# taz.de -- Die Wahrheit: Zuckende Neurosen
       
       > „Der Vater als Kontaktperson“: Der Kreis schließt sich. Die Welt hat sich
       > geändert, die Wörter sind andere geworden. Was bloß kommt nach Corona?
       
       Angeblich ist das Ende ja nah. Allein, wir glauben noch nicht daran. In
       England feiert man schon, hierzulande stellt sich immer noch die Frage: Was
       machen Kruses am Montag?

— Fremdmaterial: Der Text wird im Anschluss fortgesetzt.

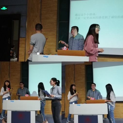 之后,是林殊凡同学主持的游戏环节“信任的进化”,以分糖的形式考验两人的信任,期间,安老师也加入了游戏,与搭档的配合互动让同学们捧腹大笑。接着是诚信知识抢答赛,由主持人读题,其他同学抢答,现场气氛活跃,同学们在抢答中增长了关于诚信的知识,在欢笑中收获颇多。

Übers Wochenende sind Kruses nämlich mit Sack und
       Pack und Kind und Kegel in „Gebiete mit niedrigeren Inzidenzwerten“
       gefahren. Also zu den Schwiegereltern aufs Land. Also aufs Land im Norden,
       nicht in den Süden, weil da sind die Inzidenzwerte ja auch noch hoch.
       
       Kruses fahren, Hamanns bleiben. So sieht es aus. Meine zuckenden Füße
       träumen von Chlorwasser, durch das sie tauchen dürfen. Man weiß einfach
       nicht mehr, wohin mit seinen Neurosen. Schwimmen und Fußball, zwei
       Gegenprogramme, gehen seit einem halben Jahr nicht mehr. Wie geht
       eigentlich Kranksein in Zeiten der Pandemie, das vorgespielte? Da draußen
       gibt es keine Grippe, die man vortäuschen kann.
       
       Auch andere gute Gründe zur Simulation fallen einfach unter den Tisch: Home
       is where the homeoffice is, also solange man die Füße noch unter den
       eigenen Schreibtisch stellen kann, kann man auch arbeiten. Also digital
       zumindest. Egal wie lahm sie sind oder wie wild sie zucken.
       
       Inzwischen lässt sich gut zwischen Fatigue und Zoom-Fatigue unterscheiden.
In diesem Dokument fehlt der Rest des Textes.